[Start of section]
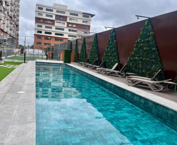 La mejor vista de la ciudad, frente a plaza Berlin, uno de los parques mas bonitos de la ciudad. Construido en el 2023, Con estación de transmetro en frente del edificio y acceso a ciclo via y scooters de alquiler. Apartamento de un ambiente con 1 cama king y un sofa cama Matrimonial, ideal para 3 personas.
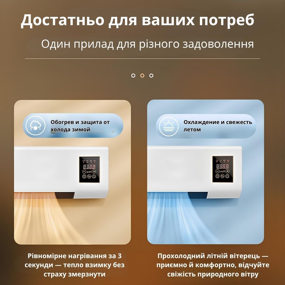Функції: обігрів, вентиляція без нагріву, охолодження
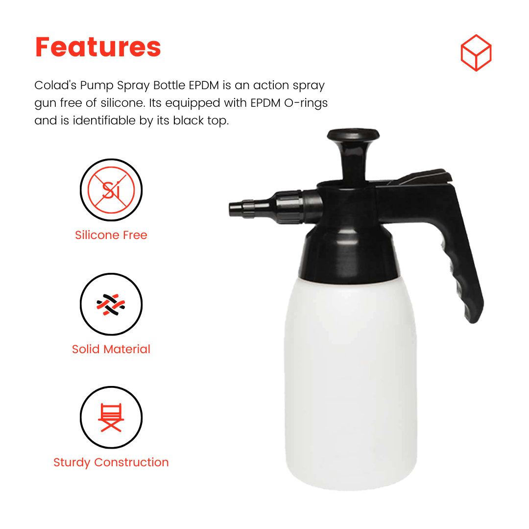 Colad's Pump Spray Bottle EPDM is an action spray gun free of silicone. Its equipped with (black) EPDM O-rings, unlike the VITON O-rings on the plain variety.
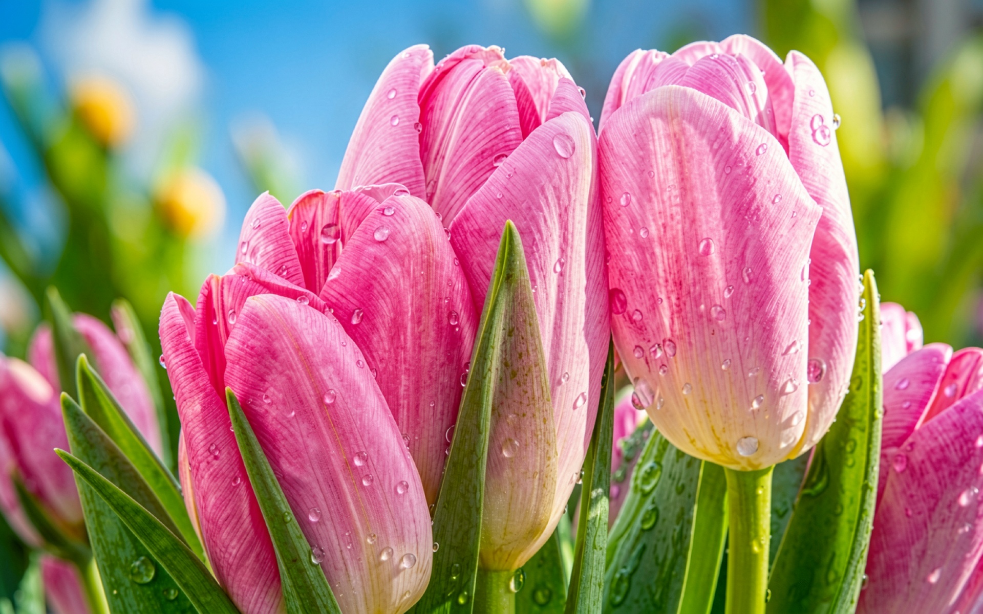 Розовые тюльпаны с каплями росы утром обои
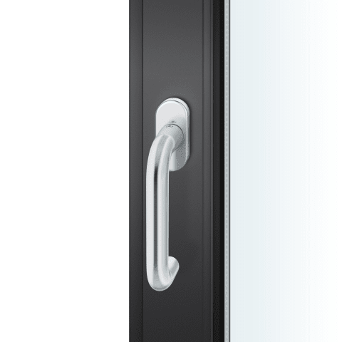 Fenstergriff ovale Rosette, 7mm Stift. 10mm Nocken, Stiftüberstand 24-38mm, Edelstahl fein matt
[End of section]
Begin at the line that contains "Функції: обігрів, вентиляція" and transcribe every line through the end of the listing, exactly as written. Omit the pictures.

* Answer to this exercise
Функції: обігрів, вентиляція без нагріву, охолодження
 Colad's Pump Spray Bottle EPDM is an action spray gun free of silicone. Its equipped with (black) EPDM O-rings, unlike the VITON O-rings on the plain variety.
 Розовые тюльпаны с каплями росы утром обои
 Fenstergriff ovale Rosette, 7mm Stift. 10mm Nocken, Stiftüberstand 24-38mm, Edelstahl fein matt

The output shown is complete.